» **Data provided**
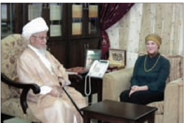
النبلسي مستقبلاً ترايسي شمعون

الخطيرة في كل من سورية والعراق وليبيا واليمن. ولكن من الممكن جداً أنّ تقرب ساعة الحقيقة فيصبح لبنان يفعل السياسات الخاطئة ويفعل نيات التكفيريين ساحة واسعة لهستيرياً فتأوى الذبح». وشدّد النبلسي على «أنّه من غير الممكن استمرار الوضع على هذا المنوال فأما المسارعة إلى الوحدة الحقيقية والتضامن من أجل حماية لبنان بمسلميه ومسيحييه وأما فعلى الوطن السلام.»
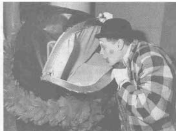
Große Klappe: Ein Clown sucht nach Einsichten. Oder nach Tombola-Losen, die weggingen wie warme Semmeln.
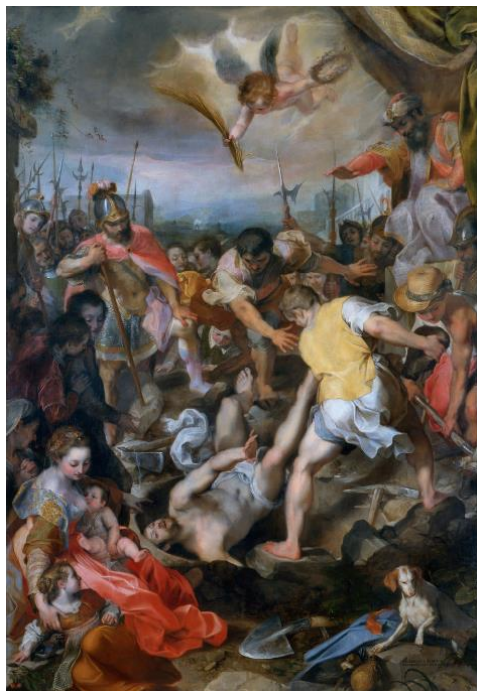
slika 21. Barocci, Mučeništvo sv. Vitalisa , 1580. – 83., Pinakoteka
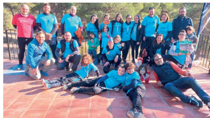
Tomaron parte 12 integrantes de la sección del CEP

Doce orientadores@s, entre 5 y 13 años, de la Escuela de Orientación del Centro Excursionista de Petrer, estuvieron participando en la carrera del campeonato autonómico de distancia larga de orientación de la Comunidad Valenciana 2023, que tuvo lugar en Biar. Los recorridos de las diferentes categorías fueron muy exigentes, a nivel técnico y físico, con terreno muy escarpado, zonas de bosque espeso y vegetación dura, pero todas y todos lograron llegar a meta completando todas las balizas.
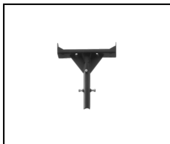
Support de montage pour les lampes LED Illuminator (16000154)

Date de création de la carte: 04 décembre 2023
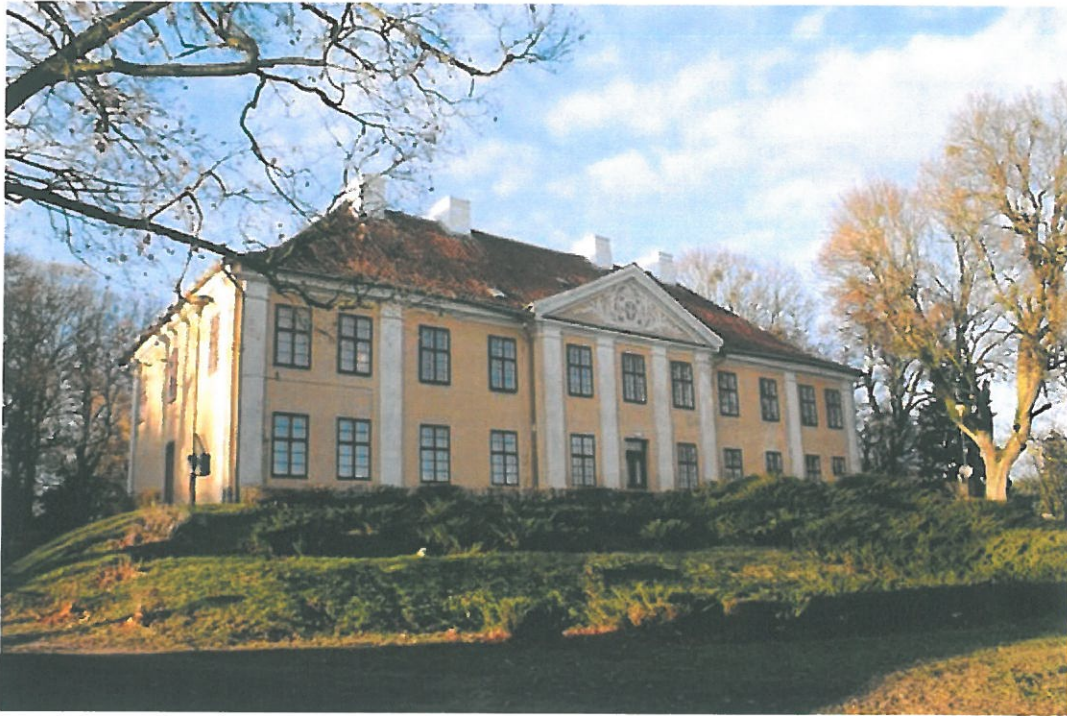
Zdjęcie 1: Pałac biskupów warmińskich
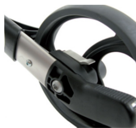
// 7109080 Travão de desaceleração
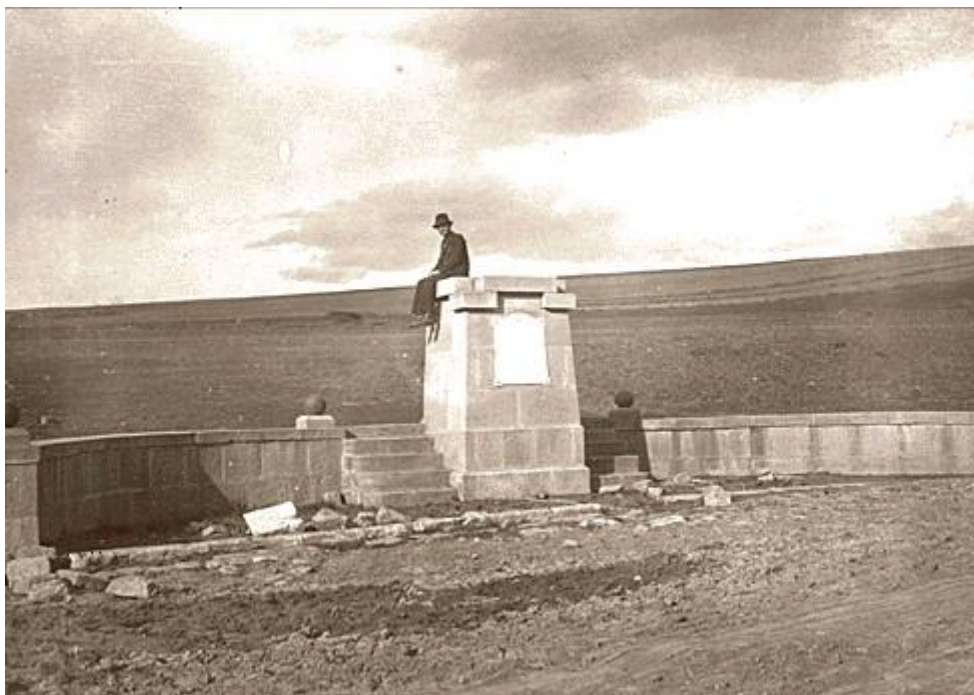
Слика 10. Трећепозивачка чесма у изградњи.

Преобликовање Београда почетком 20. века кренуло је комуналним радовима, калдрмисањем улица, изградњом новог водовода и канализације, увођењем електричног осветљења, укључивањем трамваја у саобраћај. Почетком двадесетих година набављане су керамичке цеви добијене у оквиру репарације из Немачке. Општина београдска тада је била у могућности да изгради једанаесту деоницу београдске канализације која обухвата леву падину Булбулдерског потока и цео слив између Крунске и Гробљанске улице. Из кредита градске власти почетком тридесетих над токовима сливова мокролушког и булбулдерског изведени су радови. Преко потока изграђени су булевари и улице као што је преко Булбулдерског потока прелазео Булбулдерски булевар, данашње улице Димитрија Туцовића и Цвијићева.
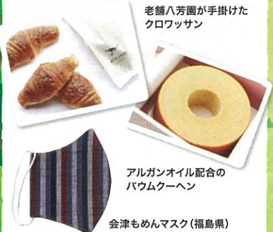
老舗八芳園が手掛けたクワワッサン

全国各地の森里川海の恵みや環境に優しい日用品が大集合。今年も被災地応援・復興マルシェも同時開催予定です。
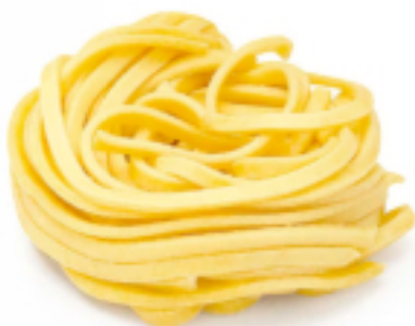
Tonnarelli all'Uovo secca - gr. 250x12 AM0203
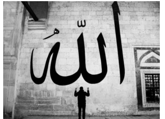
الإرادة الإلهية تتحكم بكل شيء

فكلما وجد تعلقاً بشيء ما في قلب النبي يفرغه منه، فالله تعالى أراد أشياء من هذه الحادثة وسارت الأمور وفق المشيئة الإلهية والإرادة الإلهية تماماً، وهؤلاء الذين تحركوا في القصة: من تحركوا في الخير أخذوا الخير ومن تحركوا في الشر أخذوا شر أعمالهم، وحرك الله القصة؛ ويد الله تعمل وحدها في الخفاء ولكن الناس لا يعلمون، هذا الذي ينبغي أن نفهمه في كل حدث يحدث في الكون، كل إنسان يريد الخير يأخذ الخير ومن يريد الشر يأخذ الشر، لكن إرادة الله تتحكم في الخيرين وفي الشريرين لتوظف كل أفعالهم لتحقيق مشيئة الله التي لها حكم كثيرة، قد نعلم بعضها ونجهل كثيراً منها.
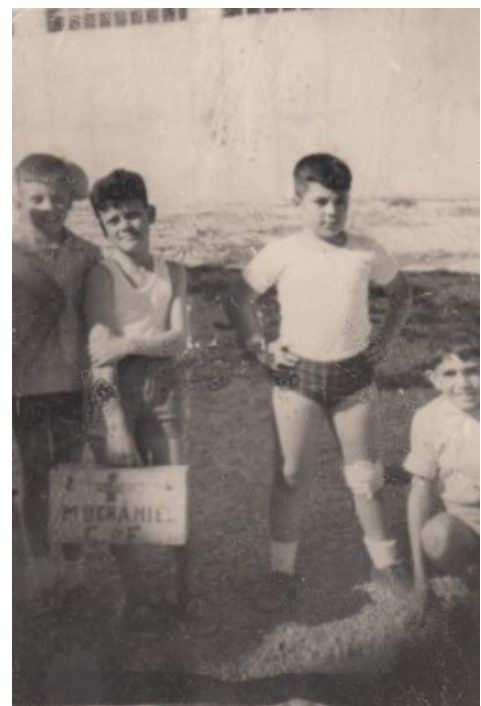
Preparats per jugar al futbol
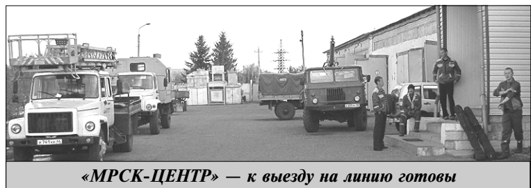
«МРСК-ЦЕНТР» — к выезду на линию готовы

подведомственных учреждений. Особое внимание необходимо уделить состоянию газовой котельной и линий теплопередачи, модернизации систем теплоснабжения, что должно привести к энергосбережению и повышению энергоэффективности. Один из примеров — это ус-
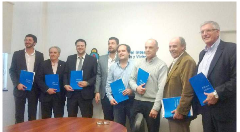
Interior, Obras Públicas y Viviendas de la Nación, a la firma de un convenio enmarcado en el Programa de Desarrollo Local para la adquisición de una pala cargadora que será afectada a la Secretaría de Obras
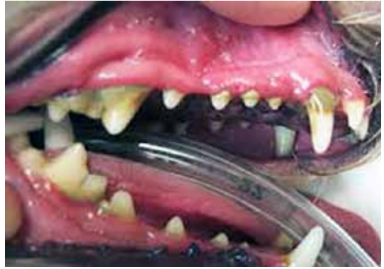
Afbeelding 3: Tandvleesontsteking (gingivitis) bij de hond.
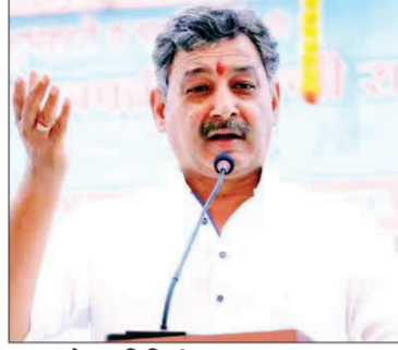
पुणे। प्रतिनिधी राज्यात अनेक भागांमध्ये खते वी-बियाणांमध्ये शेतकऱ्यांची लूट, फसवणूक सुरू आहे. याबाबत राज्य सरकारने तातडीने
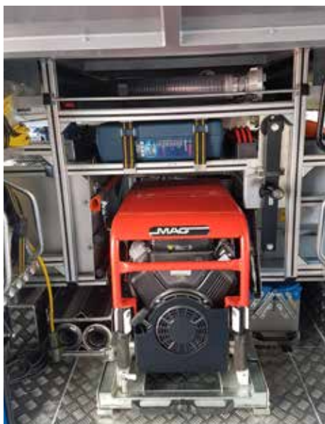
Vsebovan električni agregat moči 11 KW z opremo za razsvetljavo
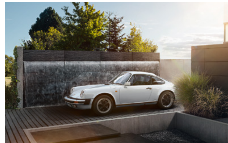
911 G Années-modèles : 1974–1989, unités produites : 196 397, références disponibles : 7 100
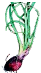
Brotado: Quando apresenta emissão de broto visível acima do colo do bulbo.
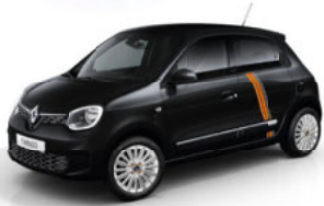
Black-Pearl-Schwarz mit Striping „Full Vibes“
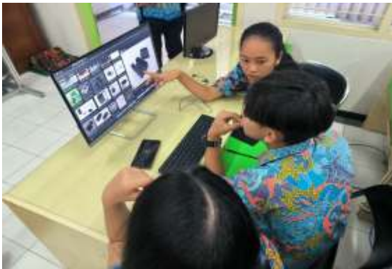
Gambar 4. Contoh penggunaan teknologi aliran filsafat eksistensialisme.

Metode belajar menggunakan dialog, serta teknik belajar pengalaman pemecahan masalah tanpa kekerasan. Metode yang tepat untuk membantu siswa dalam mengidentifikasi dan menjadi dirinya sendiri. Metode guru tidak menekankan transfer pengetahuan kognitif atau mendorong siswa untuk mengajukan berbagai pertanyaan.
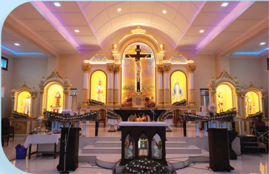
കുന്നംകുളം (ചിറളയം) സെന്റ് സെബാസ്റ്റ്യൻ പള്ളിയുടെ നവീകരിച്ച മദ്ബഹ
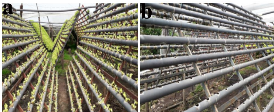
Figura 3. Sistemas de siembra para el cultivo de hortalizas en la granja Santa Cruz. a) Sistema de siembra piramidal para el cultivo de lechuga, b) Sistema de siembra lineal para el cultivo de espinaca.

Los invernaderos utilizados para la siembra de hortalizas comprenden área total de 3200 m 2 y se componen de naves de 6,80 m de ancho, 5 metros de alto y 70 m de largo con una cobertura en plástico polietileno de calibre 6. La estructura de siembra de hortalizas se compone de módulos elaborados con tubería de PVC de 2" de diámetro, de los cuales 70 módulos se destinan para el cultivo de lechuga y 2 módulos para el cultivo de espinaca.
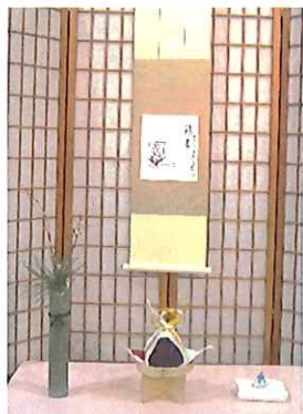
《掛け軸》 「宝船・福来たる」

新しい年を迎えて初めてのお茶会。小学校入学を控えている子ども達にとって、色々な楽しい事や嬉しい事がありますようにとの願いが込められています。
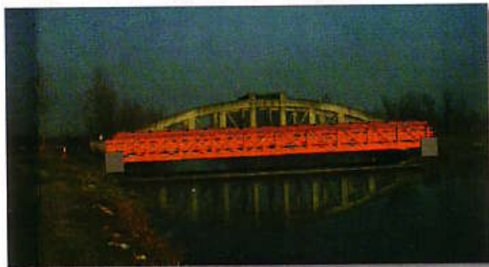
Pista Ciclabile Dresano - Villa Pompeiana: Ponte sulla Muzza.

Partono finalmente i lavori per la realizzazione della tanto attesa pista ciclo pedonale di collegamento tra Dresano e Balbiano. Dopo l'arrivo delle autorizzazioni di Provincia di Milano e Parco Sud, è stata infatti espletata la gara di assegnazione dei lavori che potranno così partire e completarsi entro pochi mesi. La pista ciclabile verso
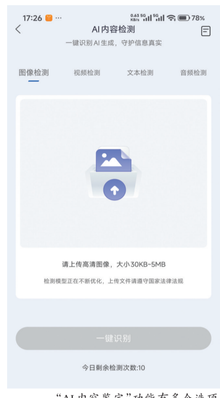
“AI内容鉴定”功能有多个选项
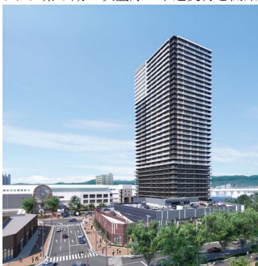
【「久留米ザ・タワー レジデンシャル」(イメージ)】

なお、本物件は2026年3月13日に第3期1次登録の申込受付を開始する予定です。
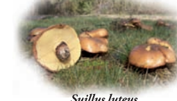
Suillus luteus "Baboso"

» **What you should do**
Only the lines holding the word "Dresano" belong in the answer; copy them from the listing above.

» **Response below**
Pista Ciclabile Dresano - Villa Pompeiana: Ponte sulla Muzza.
Partono finalmente i lavori per la realizzazione della tanto attesa pista ciclo pedonale di collegamento tra Dresano e Balbiano. Dopo l'arrivo delle autorizzazioni di Provincia di Milano e Parco Sud, è stata infatti espletata la gara di assegnazione dei lavori che potranno così partire e completarsi entro pochi mesi. La pista ciclabile verso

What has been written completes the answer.